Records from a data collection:
═══

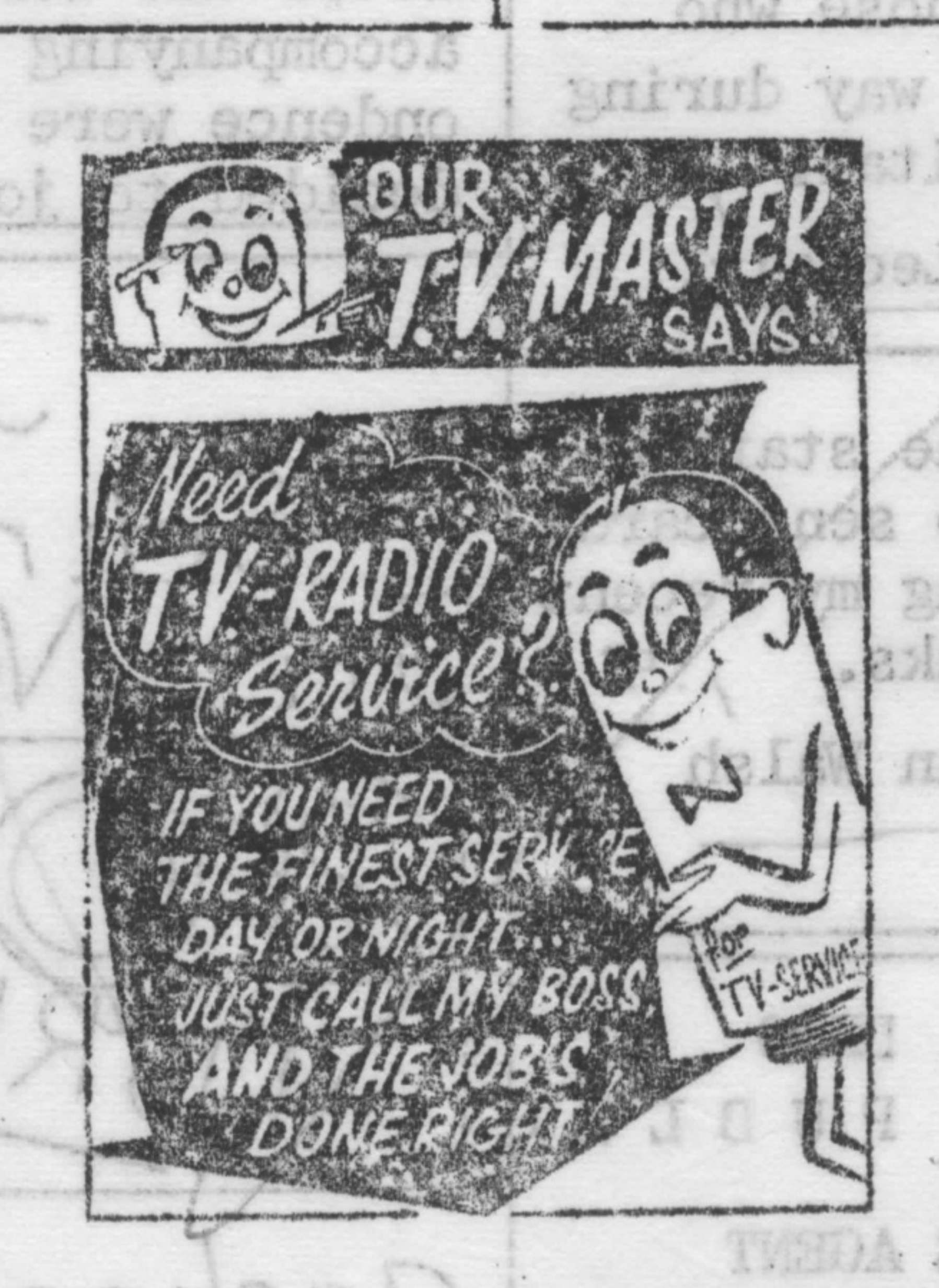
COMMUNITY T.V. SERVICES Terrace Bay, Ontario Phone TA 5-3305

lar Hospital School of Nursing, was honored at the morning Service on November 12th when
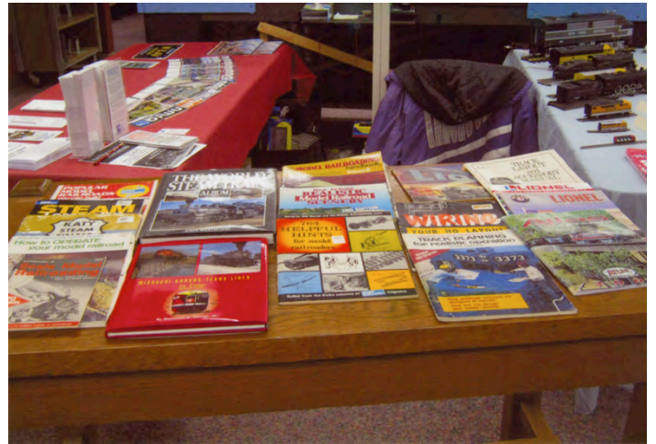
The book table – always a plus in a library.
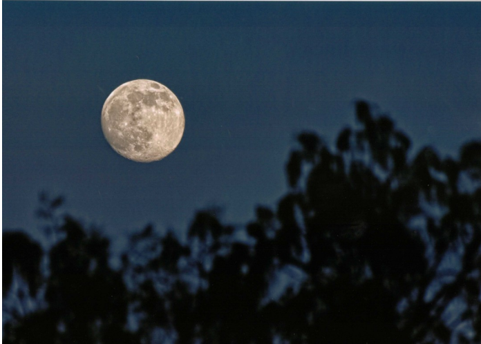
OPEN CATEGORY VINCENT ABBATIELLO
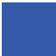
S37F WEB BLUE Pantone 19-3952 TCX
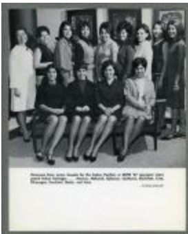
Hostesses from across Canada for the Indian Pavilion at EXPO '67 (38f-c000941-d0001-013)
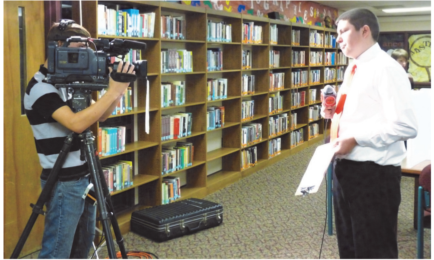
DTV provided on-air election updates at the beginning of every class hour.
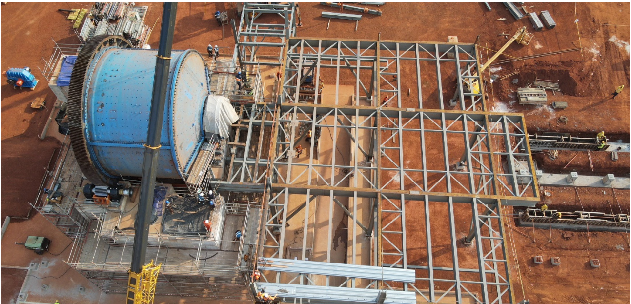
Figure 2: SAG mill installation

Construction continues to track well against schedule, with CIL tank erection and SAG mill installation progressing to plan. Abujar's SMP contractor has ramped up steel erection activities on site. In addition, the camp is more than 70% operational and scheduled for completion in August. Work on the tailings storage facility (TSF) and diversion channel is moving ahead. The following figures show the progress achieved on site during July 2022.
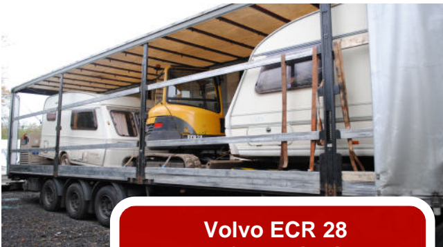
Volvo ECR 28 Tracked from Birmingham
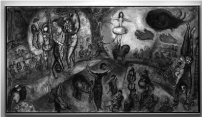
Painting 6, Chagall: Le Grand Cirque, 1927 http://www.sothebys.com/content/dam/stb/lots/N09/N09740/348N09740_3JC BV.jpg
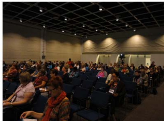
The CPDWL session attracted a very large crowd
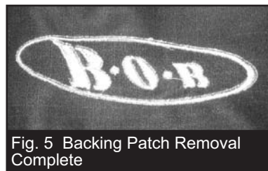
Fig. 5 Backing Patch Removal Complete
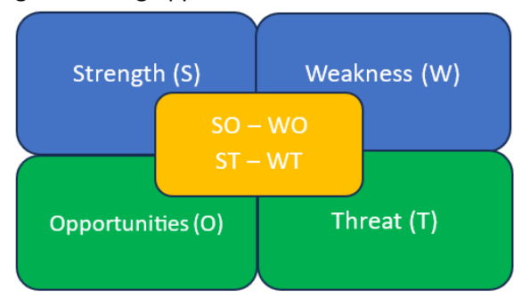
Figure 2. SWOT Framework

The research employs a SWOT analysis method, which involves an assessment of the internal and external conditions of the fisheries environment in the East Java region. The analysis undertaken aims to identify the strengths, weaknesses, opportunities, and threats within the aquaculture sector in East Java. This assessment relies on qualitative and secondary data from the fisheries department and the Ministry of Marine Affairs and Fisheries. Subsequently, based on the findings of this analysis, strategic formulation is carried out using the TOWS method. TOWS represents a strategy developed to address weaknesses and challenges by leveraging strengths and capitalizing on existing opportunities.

═══

Assigned task: Copy exactly, and only, the lines from the first entry through the line holding "Figure 2: SAG mill installation", both ends included, leaving out every picture.

Solved problem:
COMMUNITY T.V. SERVICES Terrace Bay, Ontario Phone TA 5-3305

lar Hospital School of Nursing, was honored at the morning Service on November 12th when
The book table – always a plus in a library.
OPEN CATEGORY VINCENT ABBATIELLO
S37F WEB BLUE Pantone 19-3952 TCX
Hostesses from across Canada for the Indian Pavilion at EXPO '67 (38f-c000941-d0001-013)
DTV provided on-air election updates at the beginning of every class hour.
Figure 2: SAG mill installation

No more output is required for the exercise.